YOUR TASK » Verbatim output of the lines below is required, with the images omitted.

[RECORDED DATA]

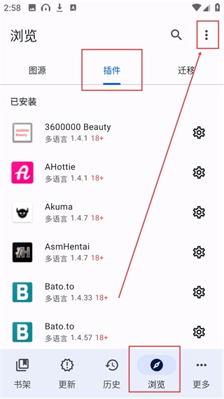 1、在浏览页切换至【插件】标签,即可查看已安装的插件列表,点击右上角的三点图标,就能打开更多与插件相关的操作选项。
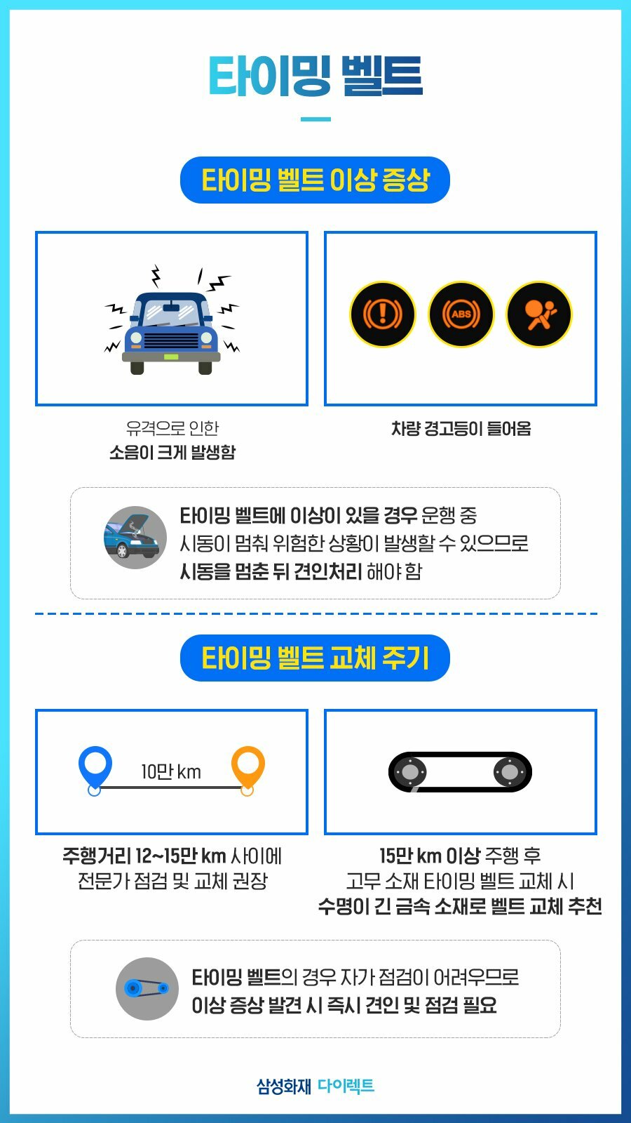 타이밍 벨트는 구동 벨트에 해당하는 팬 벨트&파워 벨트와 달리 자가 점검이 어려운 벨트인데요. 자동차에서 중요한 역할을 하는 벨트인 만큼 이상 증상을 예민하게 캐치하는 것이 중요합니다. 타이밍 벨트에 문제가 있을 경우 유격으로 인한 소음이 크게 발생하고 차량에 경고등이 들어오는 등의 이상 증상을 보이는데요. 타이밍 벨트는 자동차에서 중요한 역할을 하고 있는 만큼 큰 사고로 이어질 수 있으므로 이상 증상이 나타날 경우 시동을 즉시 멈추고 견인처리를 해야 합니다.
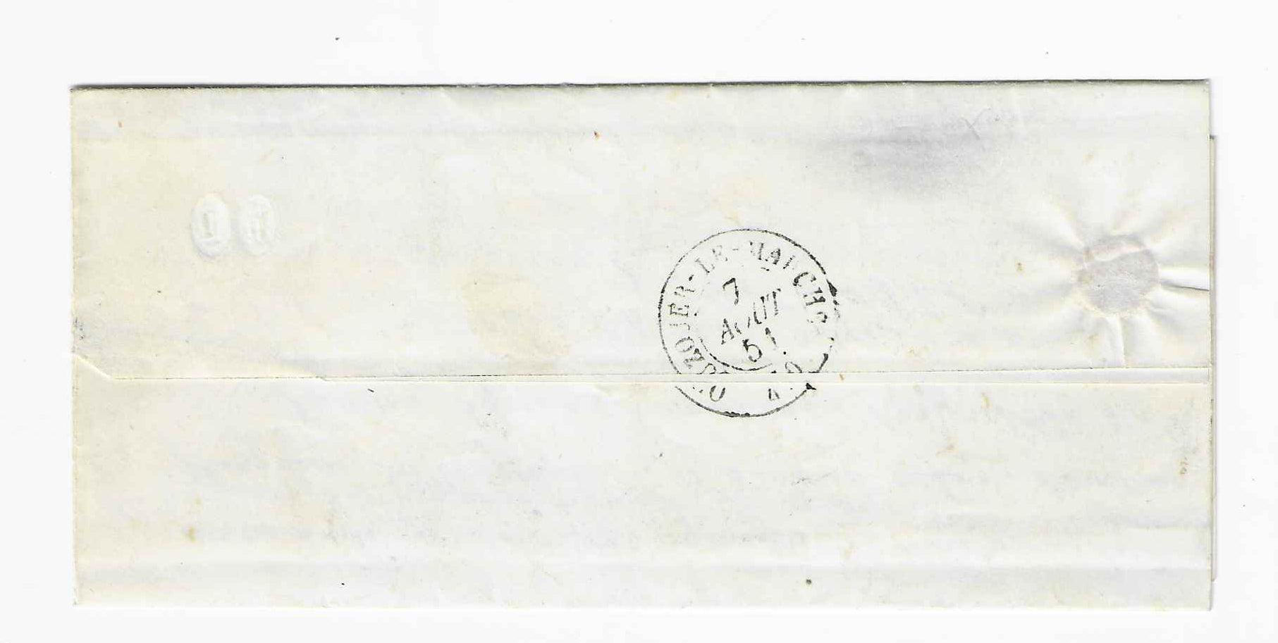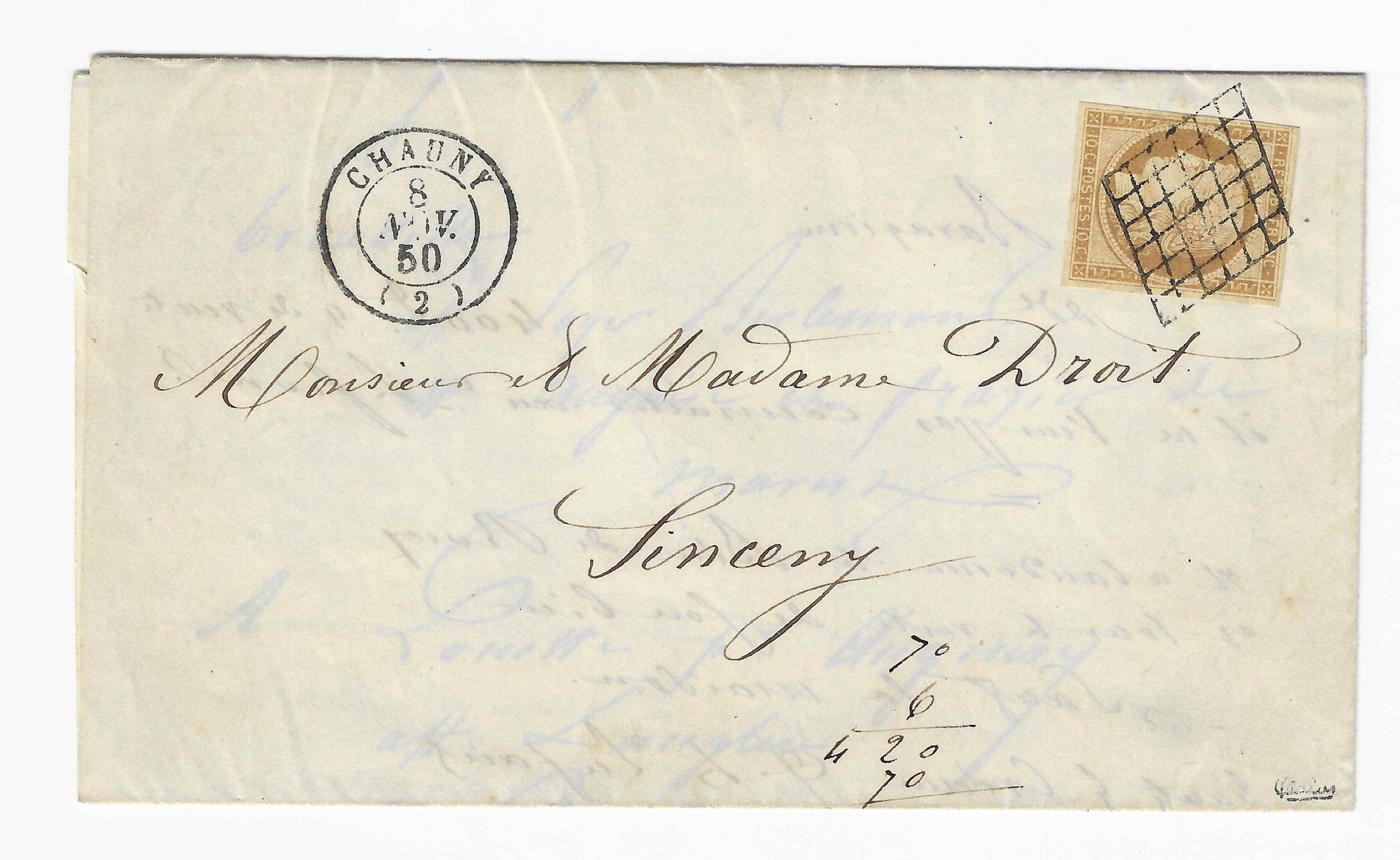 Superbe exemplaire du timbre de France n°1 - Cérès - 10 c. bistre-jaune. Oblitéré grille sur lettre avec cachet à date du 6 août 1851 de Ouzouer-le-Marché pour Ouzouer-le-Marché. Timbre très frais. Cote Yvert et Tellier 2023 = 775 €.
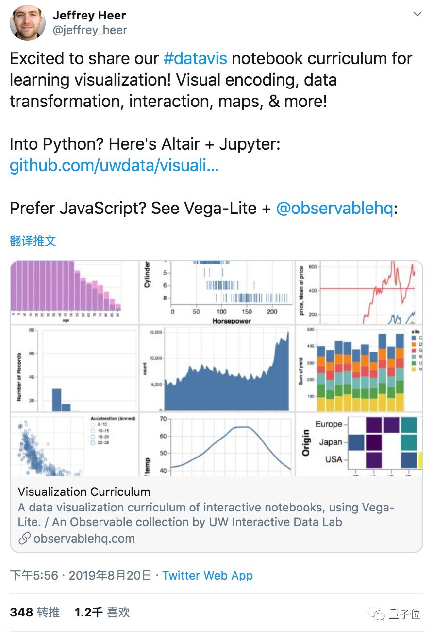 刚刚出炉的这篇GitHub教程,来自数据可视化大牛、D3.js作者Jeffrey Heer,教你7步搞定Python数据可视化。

[/RECORDED DATA]

RESULT »
 1、在浏览页切换至【插件】标签,即可查看已安装的插件列表,点击右上角的三点图标,就能打开更多与插件相关的操作选项。
 타이밍 벨트는 구동 벨트에 해당하는 팬 벨트&파워 벨트와 달리 자가 점검이 어려운 벨트인데요. 자동차에서 중요한 역할을 하는 벨트인 만큼 이상 증상을 예민하게 캐치하는 것이 중요합니다. 타이밍 벨트에 문제가 있을 경우 유격으로 인한 소음이 크게 발생하고 차량에 경고등이 들어오는 등의 이상 증상을 보이는데요. 타이밍 벨트는 자동차에서 중요한 역할을 하고 있는 만큼 큰 사고로 이어질 수 있으므로 이상 증상이 나타날 경우 시동을 즉시 멈추고 견인처리를 해야 합니다.
 Superbe exemplaire du timbre de France n°1 - Cérès - 10 c. bistre-jaune. Oblitéré grille sur lettre avec cachet à date du 6 août 1851 de Ouzouer-le-Marché pour Ouzouer-le-Marché. Timbre très frais. Cote Yvert et Tellier 2023 = 775 €.
 刚刚出炉的这篇GitHub教程,来自数据可视化大牛、D3.js作者Jeffrey Heer,教你7步搞定Python数据可视化。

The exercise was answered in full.